Copy out the data below from the line containing "of neutral gray" to the line containing "Digital illustration of", both lines included, with all images left out.

Data for analysis:
--- START ---
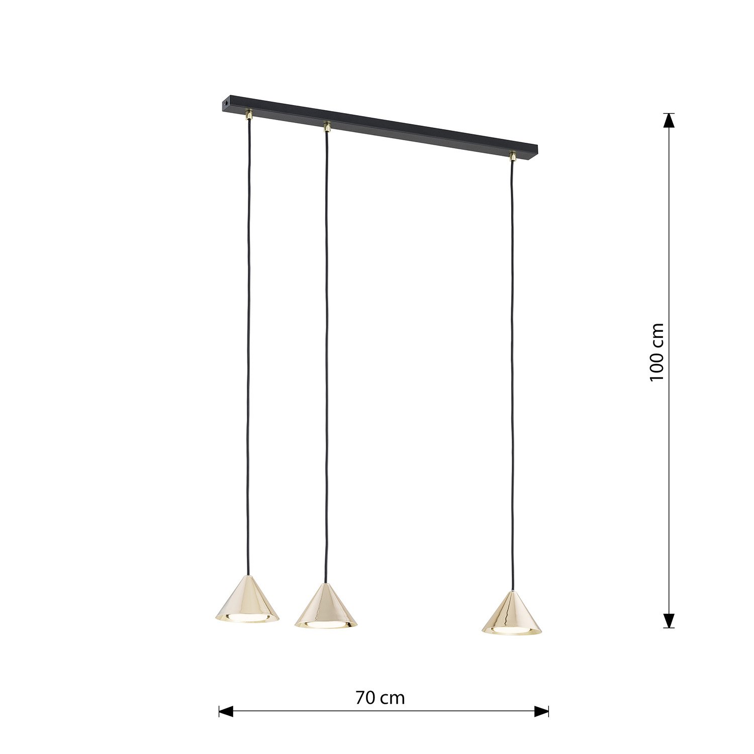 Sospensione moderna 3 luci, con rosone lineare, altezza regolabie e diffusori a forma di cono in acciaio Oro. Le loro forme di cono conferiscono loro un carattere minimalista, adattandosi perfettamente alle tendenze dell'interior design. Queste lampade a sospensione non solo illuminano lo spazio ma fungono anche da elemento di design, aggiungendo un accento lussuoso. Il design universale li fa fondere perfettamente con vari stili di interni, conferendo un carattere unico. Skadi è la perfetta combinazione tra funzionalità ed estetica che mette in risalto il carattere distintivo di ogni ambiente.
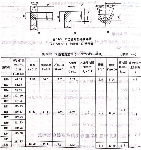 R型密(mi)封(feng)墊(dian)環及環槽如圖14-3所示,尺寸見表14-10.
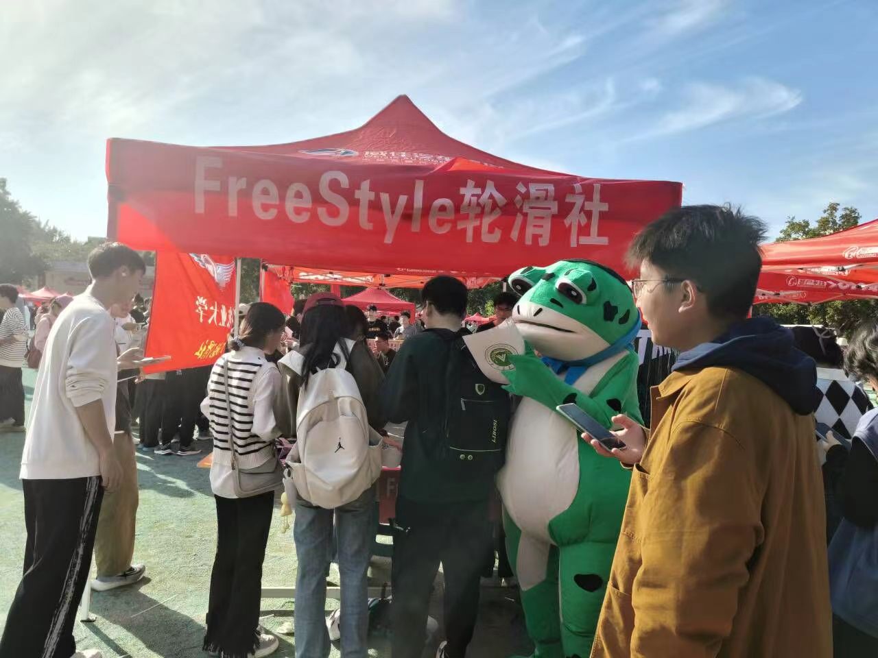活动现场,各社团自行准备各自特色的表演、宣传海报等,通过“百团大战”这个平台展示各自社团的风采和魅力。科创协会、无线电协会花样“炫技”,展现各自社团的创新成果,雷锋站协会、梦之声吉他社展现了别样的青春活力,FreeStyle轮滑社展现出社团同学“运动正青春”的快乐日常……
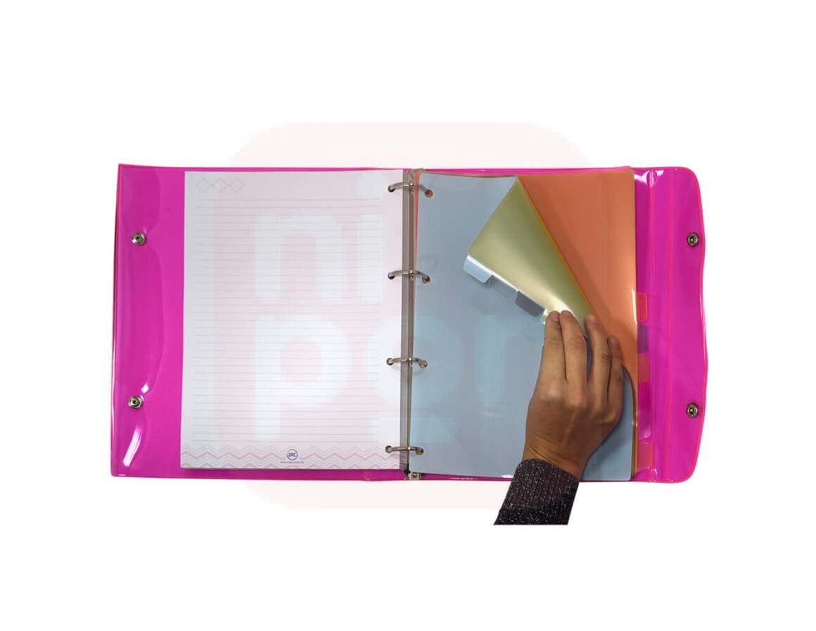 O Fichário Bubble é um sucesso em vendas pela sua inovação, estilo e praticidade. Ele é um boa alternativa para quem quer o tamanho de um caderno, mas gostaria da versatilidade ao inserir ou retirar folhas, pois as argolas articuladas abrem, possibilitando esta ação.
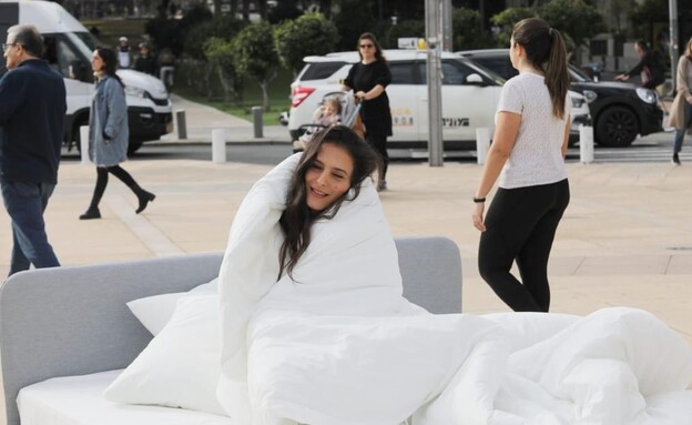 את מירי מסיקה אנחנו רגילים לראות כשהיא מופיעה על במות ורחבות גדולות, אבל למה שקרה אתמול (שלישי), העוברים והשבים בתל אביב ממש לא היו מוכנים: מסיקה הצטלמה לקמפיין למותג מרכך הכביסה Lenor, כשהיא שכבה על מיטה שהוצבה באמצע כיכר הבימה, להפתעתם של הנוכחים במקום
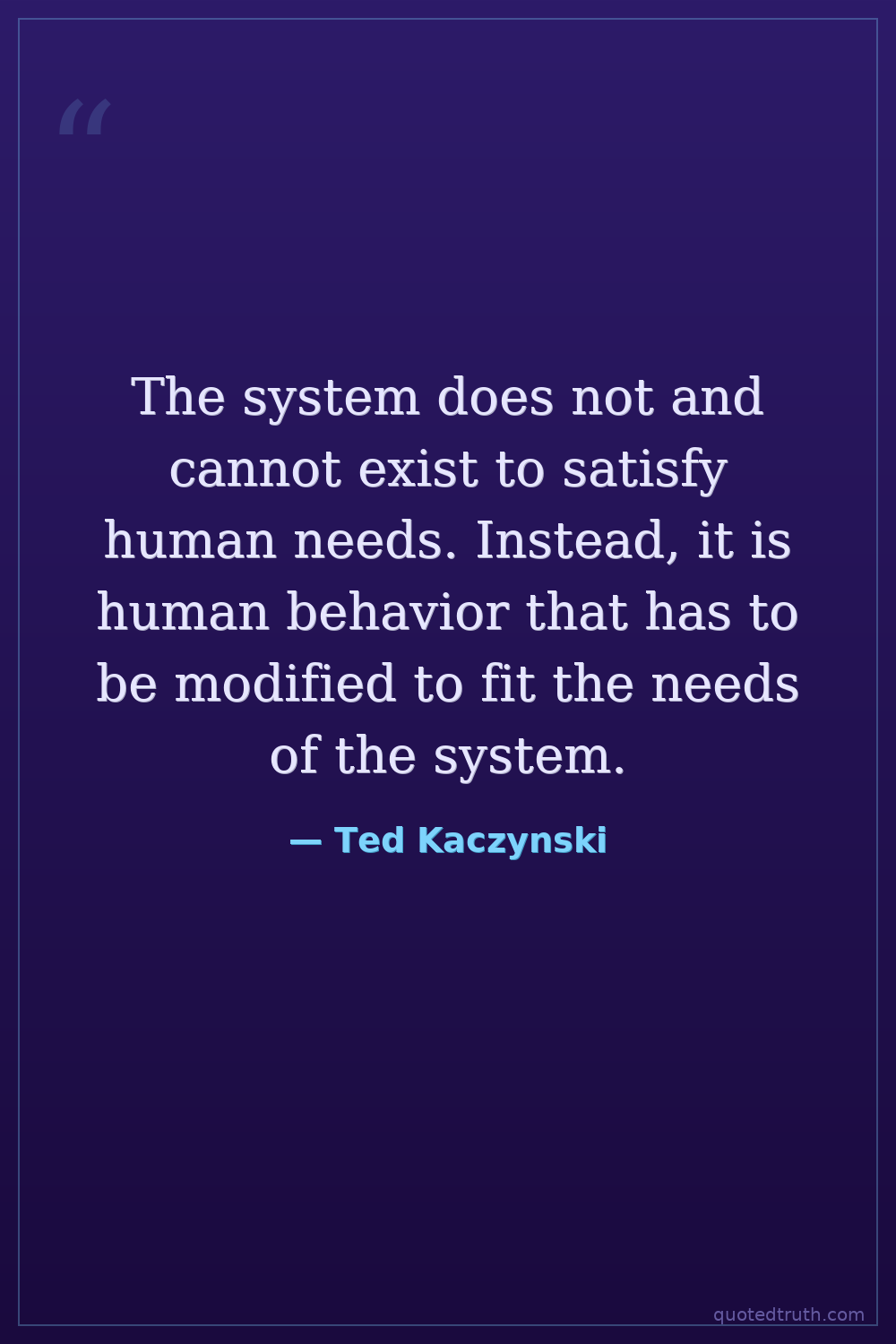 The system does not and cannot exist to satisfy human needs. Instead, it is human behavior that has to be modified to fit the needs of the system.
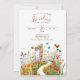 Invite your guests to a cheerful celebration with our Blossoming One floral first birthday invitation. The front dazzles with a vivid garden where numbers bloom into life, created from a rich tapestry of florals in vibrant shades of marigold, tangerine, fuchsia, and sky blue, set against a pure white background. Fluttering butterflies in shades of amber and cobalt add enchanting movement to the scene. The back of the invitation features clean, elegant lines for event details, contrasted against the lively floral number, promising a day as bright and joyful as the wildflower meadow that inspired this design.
--- END ---
--- START ---
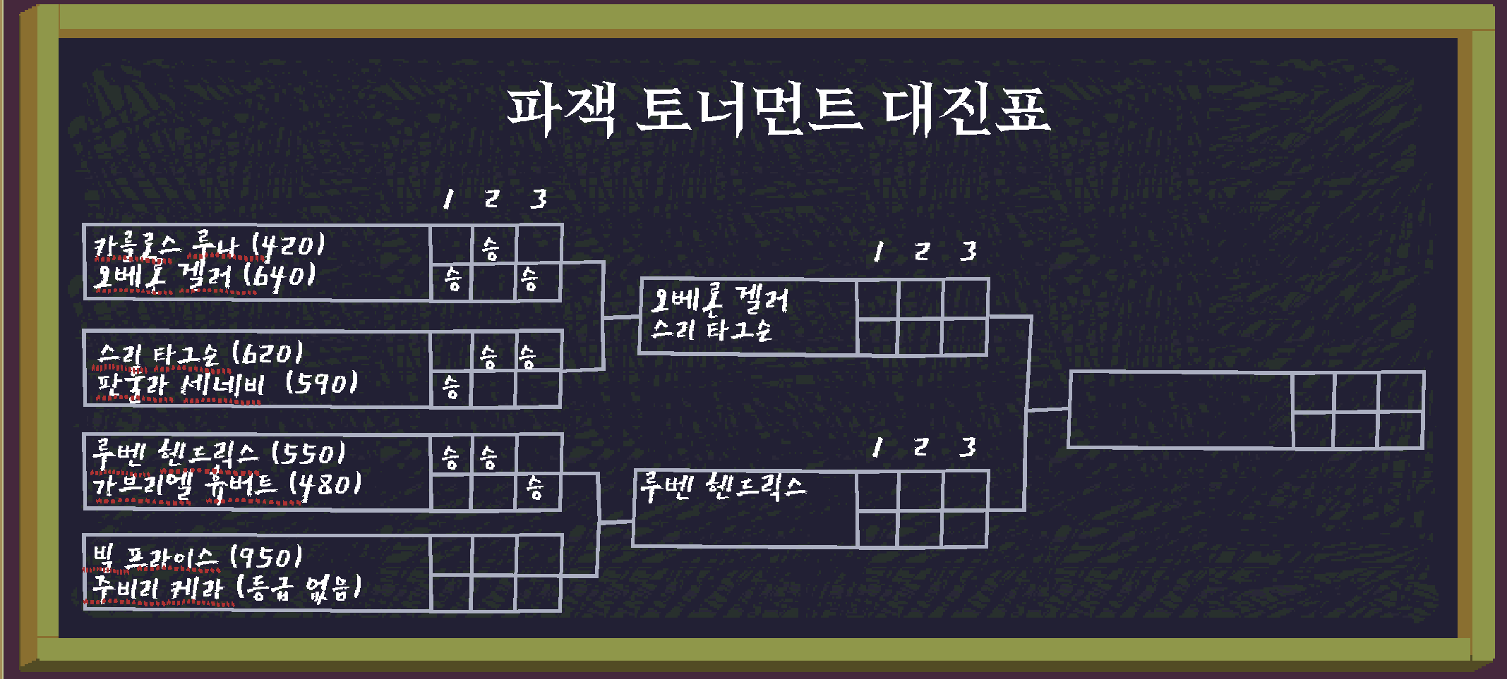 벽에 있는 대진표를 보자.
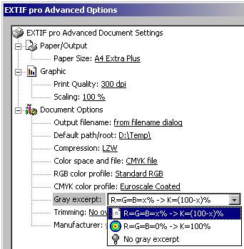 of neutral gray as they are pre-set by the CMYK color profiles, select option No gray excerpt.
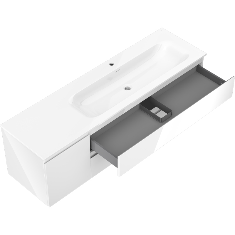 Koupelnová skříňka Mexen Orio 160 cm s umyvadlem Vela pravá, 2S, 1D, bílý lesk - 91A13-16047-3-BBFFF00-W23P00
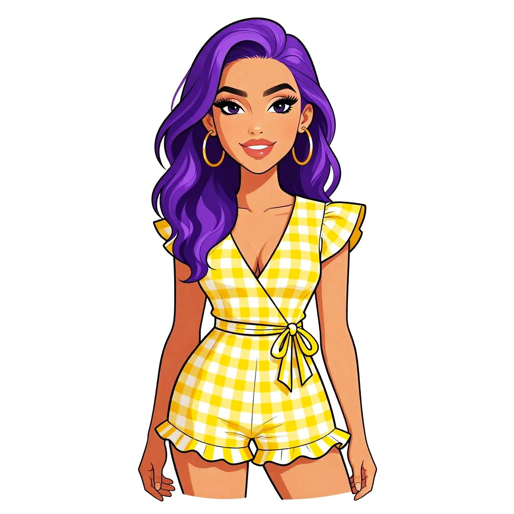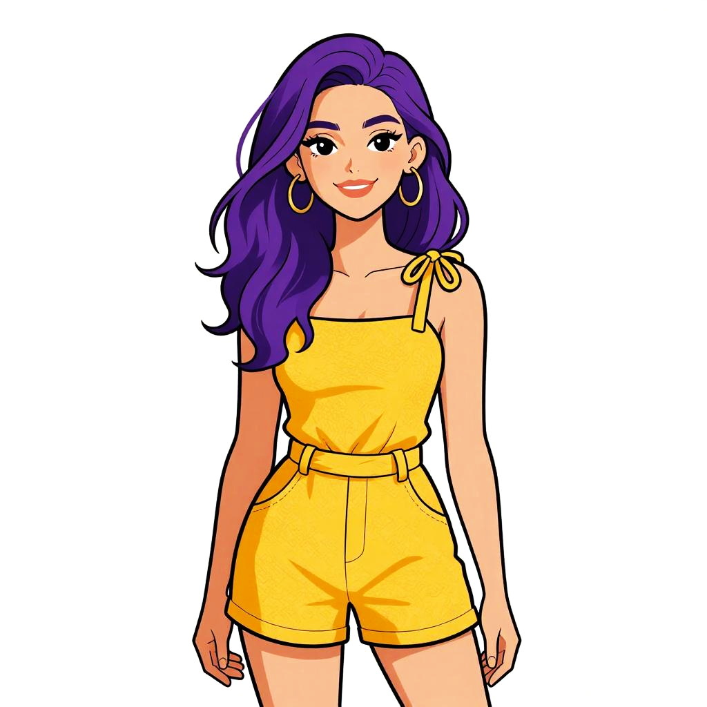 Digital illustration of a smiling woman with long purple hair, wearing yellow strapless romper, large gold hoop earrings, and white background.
--- END ---
--- START ---
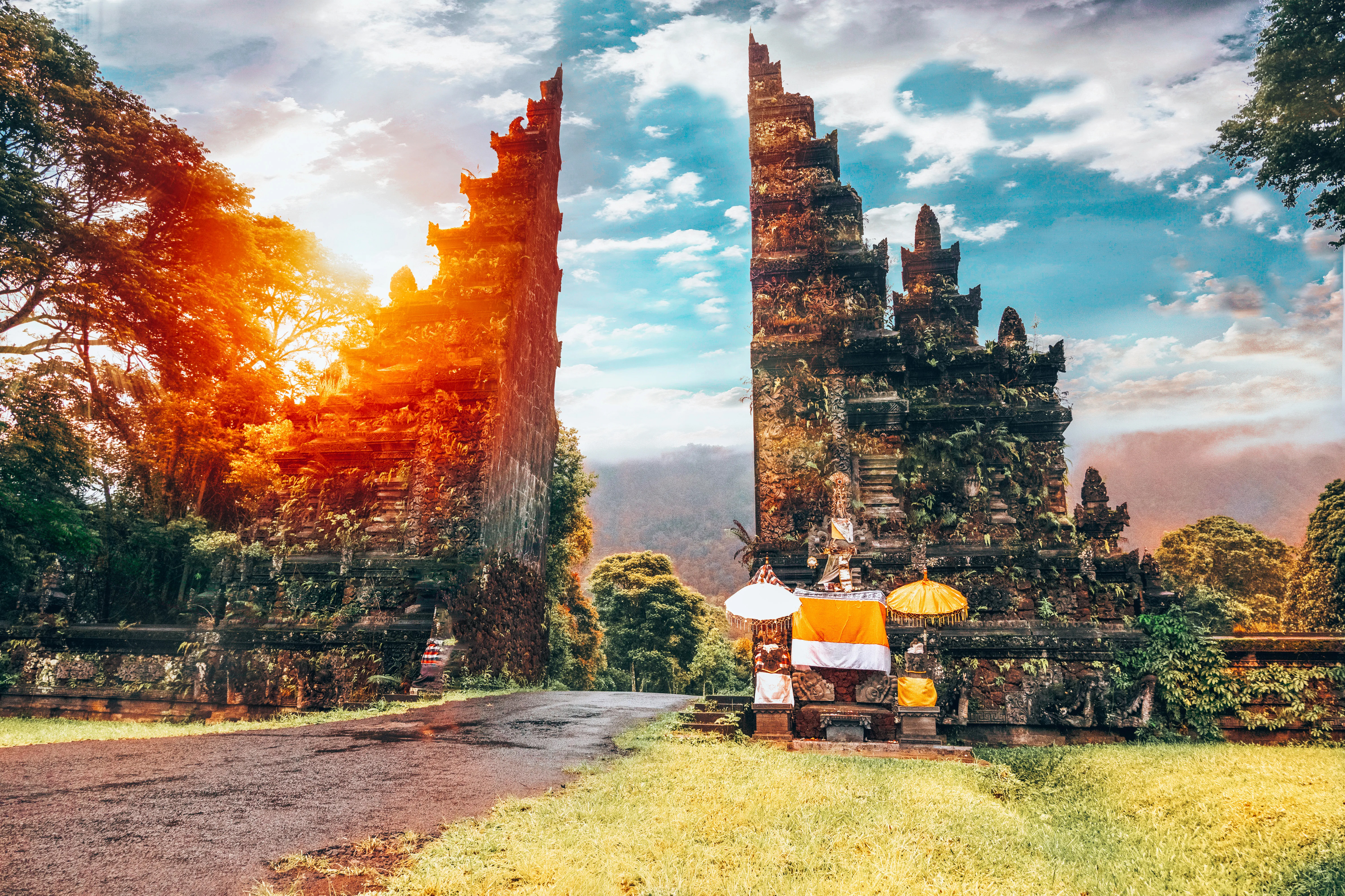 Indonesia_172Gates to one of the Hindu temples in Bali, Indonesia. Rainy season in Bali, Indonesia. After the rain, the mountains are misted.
--- END ---
Your response:
 of neutral gray as they are pre-set by the CMYK color profiles, select option No gray excerpt.
 Koupelnová skříňka Mexen Orio 160 cm s umyvadlem Vela pravá, 2S, 1D, bílý lesk - 91A13-16047-3-BBFFF00-W23P00
 Digital illustration of a smiling woman with long purple hair, wearing yellow strapless romper, large gold hoop earrings, and white background.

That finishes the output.